- Born: January 28, 1980 (age 46) Minneapolis-Saint Paul
- Other name: "Rizler"
- Known for: spammer
- Spouse: Anita Smith
- Children: one son

= Christopher William Smith =

American convicted criminal

Christopher William Smith ("Rizler") (born January 28, 1980) is an American convicted criminal who was a prolific e-mail spammer, and sold drugs online from his illegal Xpress Pharmacy Direct in Burnsville, Minnesota, United States. He was released from prison on October 13, 2020.

==Early life==
Smith grew up in the Minneapolis-Saint Paul area, splitting his time between his father's house on Lake Minnetonka and his mother's house in Burnsville. He attended high school at the Academy of Holy Angels and later transferred to a public school in Lakeville, but never completed high school.

==Business and conviction==

He was charged in August 2005 with conspiracy to distribute controlled substances, wire fraud, selling misbranded drugs and money laundering. Federal officials added a count of operating a continuing criminal enterprise in a revised indictment filed in May 2006. During his final year in business he earned $18 million and had an 85-employee company. In addition, he violated court order by leaving the country and withdrawing frozen assets after having his bail revoked.

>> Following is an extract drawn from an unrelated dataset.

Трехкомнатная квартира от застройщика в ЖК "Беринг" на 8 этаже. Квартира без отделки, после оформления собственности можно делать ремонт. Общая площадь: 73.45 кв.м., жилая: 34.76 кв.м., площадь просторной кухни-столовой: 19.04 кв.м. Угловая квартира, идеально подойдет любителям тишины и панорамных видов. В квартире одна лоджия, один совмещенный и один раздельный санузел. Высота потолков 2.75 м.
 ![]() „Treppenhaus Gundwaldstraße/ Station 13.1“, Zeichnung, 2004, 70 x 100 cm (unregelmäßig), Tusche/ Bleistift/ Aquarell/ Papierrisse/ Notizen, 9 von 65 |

In January 2006, Smith was, in a separate case, ordered to pay AOL $5.6 million (or $25,000 for every day he sent out spam e-mails) for spamming its members in 2003.

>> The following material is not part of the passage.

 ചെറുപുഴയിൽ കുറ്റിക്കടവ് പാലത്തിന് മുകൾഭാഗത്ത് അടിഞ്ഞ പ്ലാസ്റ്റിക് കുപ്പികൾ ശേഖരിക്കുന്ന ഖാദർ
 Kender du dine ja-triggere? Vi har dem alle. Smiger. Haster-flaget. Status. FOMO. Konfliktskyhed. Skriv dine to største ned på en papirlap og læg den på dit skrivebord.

In October 2006, Dr. Phillip Mach, who wrote the prescriptions for Smith's customers, pleaded guilty on one count of conspiracy to distribute and dispense controlled substances, four counts of wire fraud, three counts of unlawful distribution and dispensing of a controlled substance, and five counts of introducing misbranded drugs into interstate commerce.

In November 2006, Smith was convicted on nine counts by a federal jury in Minneapolis. On August 1, 2009 he was sentenced to 20 years in prison.

According to the Federal Bureau of Prisons, Smith (ID # 12310-041) was housed at the Federal Correctional Institution, Phoenix, but as of 2012 was moved to United States Penitentiary, Canaan and his projected release date was 31 July 2023. As of August 17, 2014 Smith was incarcerated at the Federal Correctional Complex, Allenwood in White Deer, PA, but has since been moved first to Federal Correctional Complex, Terre Haute, and then in 2015 to Federal Medical Center, Lexington, a federal prison for inmates requiring medical or mental health care. His projected release date was to be extended to 3 February 2024, but he was released from prison on 13 October 2020.